Greg Bear’s “Darwin’s Radio”

Vacation time, and I’m — well, never “catching up,” but let’s just say I’m doing more reading than I usually am able to do.

And I just read Greg Bear’s Darwin’s Radio, a horrifying science fiction story about a speciation event in humans. Briefly, the idea is this: mixed in among the “junk DNA” in the human genome are gene-ish blocks of DNA that either prevent or allow large-scale modifications of the genotype; occasionally some set of external conditions trigger the activation of this DNA code; with the result that a (sub-)speciation event occurs. (Picture something of the sort envisioned at the end of the last ice-age when — in this scenario — Neanderthals began to have “deformed” (i.e., cro-magnon) babies.

Not that I’m an expert, but from what I remember of biology, the “standard” Darwinian model of evolution is that variations occur within a population, and from time to time some of these variations are selected for or against by environmental circumstances. Finches with small beaks occasionally hatch a baby-finch with a long beak, and if the flowers or bugs or whatever it is that finches eat are just right, then those babies will tend to live long enough to mate and pass on their long-beaked genes to their own offspring etc.

The key point is to look at how those changes occur. In the standard model I learned back when, the idea was that the changes were totally random.
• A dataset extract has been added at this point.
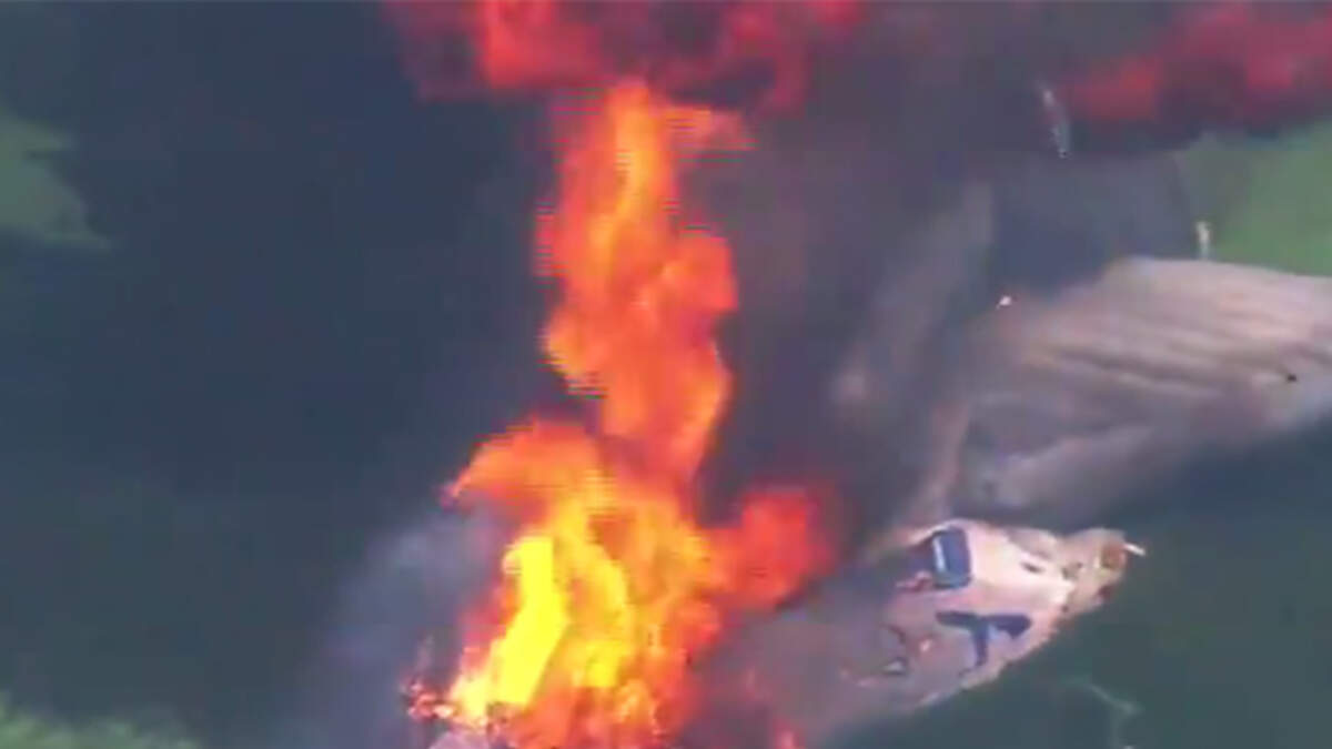 Emergency crews are on the scene after a blimp crashed today near the site of the U.S. Open at Erin Hills, Wisconsin. There are no immediate details of what happened, but video images show the blimp apparently on fire before it hit the ground near Highway 83 and Highway 167.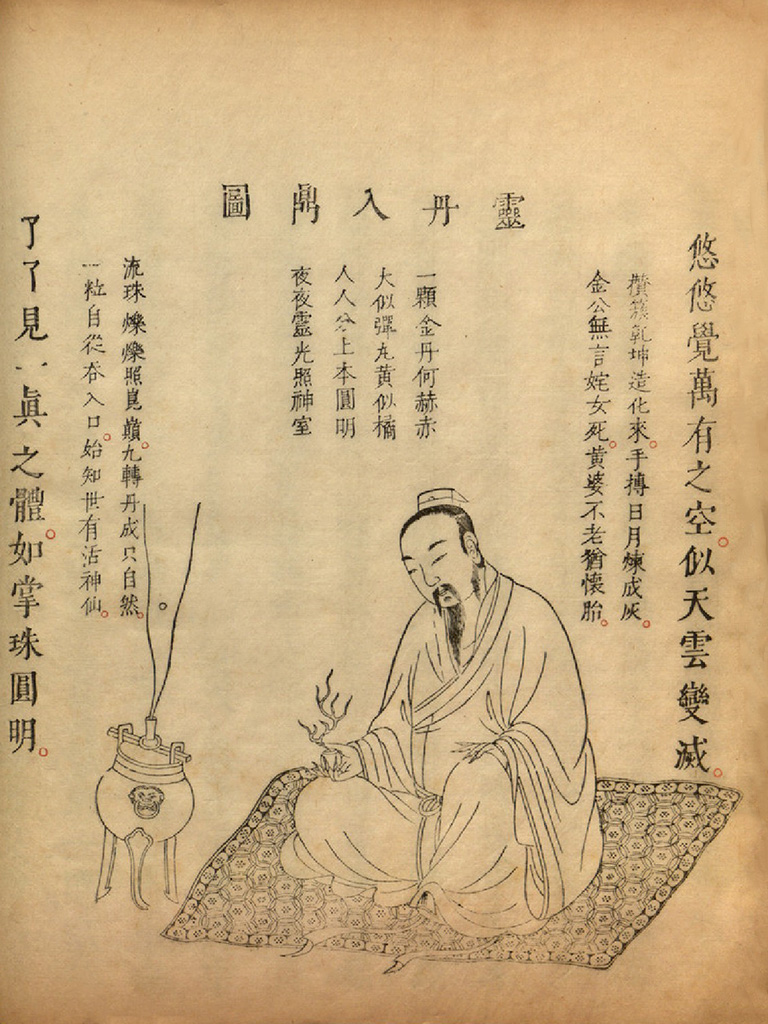 攒簇乾坤造化来,手传日月炼成灰。 金公无言姹女死,黄婆不老犹怀胎。 流珠烁烁照昆巅,九转丹成只自然。 一粒自从吞入口,始知世有活神仙。

The base pairs in the DNA used to code for this protein, but a cosmic ray came by, zapped mom or dad, and now it codes for this other protein. Most of the time, this new protein doesn’t exist, or it exists but doesn’t do anything useful, and the offspring dies. But once in a while the protein happens to produce something useful — a longer beak — and then you get more finches surviving, and over time the population is shot through with long beaks, and then some kind of crisis occurs with the result that they can no longer interbreed.

What Bear has done in Darwin’s Radio is to assume that these changes (long-beak or short) are not utterly random. Instead, this notional “control DNA” in the genotype already exists, and hangs out there as “junk DNA,” but when it wants to, it can exert control over the non-junk DNA. Virii do something similar: they take over the reproductive apparatus of a cell and cause it to make copies not of its own DNA but of the virus’. In the same way, this control DNA might sit there indefinitely, being copied along with the rest of the DNA, but from time to time, in response to some external condition, it would take over the copying and cause the non-junk DNA to be altered.

So. What might that look like? Bear has an idea, but I won’t spoil it. To give you an idea, however, suppose that suddenly, women all over the globe began having babies with dark skin, eyes with epicanthic folds like Asians, blue irises and blond hair. That is, something that was clearly odd. Since it was happening all over, among people none of whom exhibited these same characteristics, it would argue against it being the result of normal combination of genes to produce an unusual phenotype. That is, putative fathers might suspect bastardy, but the mothers would know better, and when it happened enough, around the world, the fathers might come to realize that they really were the fathers of the babies.

I called the book “horrifying.” What makes it horrifying? First, he postulates how the science around such a crisis would be politicized. Duh. Global warming would have nothing on this, because nobody really cares if the average temperature goes up 2 degrees. Not like they care if they are having mutant babies, at least. Secondly, it raises the question: what is the obligation of the parents to the babies? Of the race as a whole to itself? Are we the slaves of our DNA?

Are we obligated to rear as our own children that are not “us” — not only not our own, but not even “human?” We feel no obligation to allow virii to subvert our biology to make copies of themselves, do we? And yet, if human women, as a result of a similar overtaking of the reproductive apparatus, began giving birth to feature-complete chimpanzee-lookalikes, would we be obligated to treat them as human children? And if you say no, then what about humans with Down’s Syndrome? Where is the dividing line? What are the ethical principles it derives from?